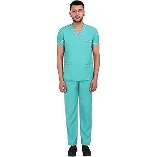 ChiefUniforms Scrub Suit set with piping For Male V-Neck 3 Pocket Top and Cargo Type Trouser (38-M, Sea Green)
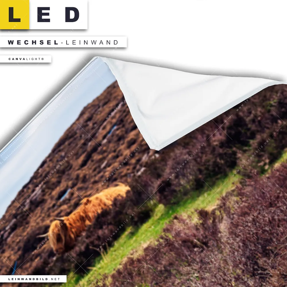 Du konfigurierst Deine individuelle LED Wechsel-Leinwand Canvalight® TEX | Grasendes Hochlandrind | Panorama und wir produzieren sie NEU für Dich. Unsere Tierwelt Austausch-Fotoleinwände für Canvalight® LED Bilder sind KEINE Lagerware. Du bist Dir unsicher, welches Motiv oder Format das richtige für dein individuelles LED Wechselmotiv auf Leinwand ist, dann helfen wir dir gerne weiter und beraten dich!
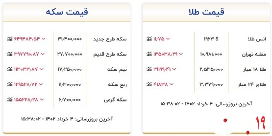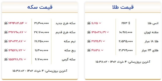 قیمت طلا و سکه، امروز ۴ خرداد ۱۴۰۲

Work to complete. From the line containing "Du konfigurierst Deine" down to the end of the data above, reproduce each line exactly; no pictures.

Exercise response.
 Du konfigurierst Deine individuelle LED Wechsel-Leinwand Canvalight® TEX | Grasendes Hochlandrind | Panorama und wir produzieren sie NEU für Dich. Unsere Tierwelt Austausch-Fotoleinwände für Canvalight® LED Bilder sind KEINE Lagerware. Du bist Dir unsicher, welches Motiv oder Format das richtige für dein individuelles LED Wechselmotiv auf Leinwand ist, dann helfen wir dir gerne weiter und beraten dich!
 قیمت طلا و سکه، امروز ۴ خرداد ۱۴۰۲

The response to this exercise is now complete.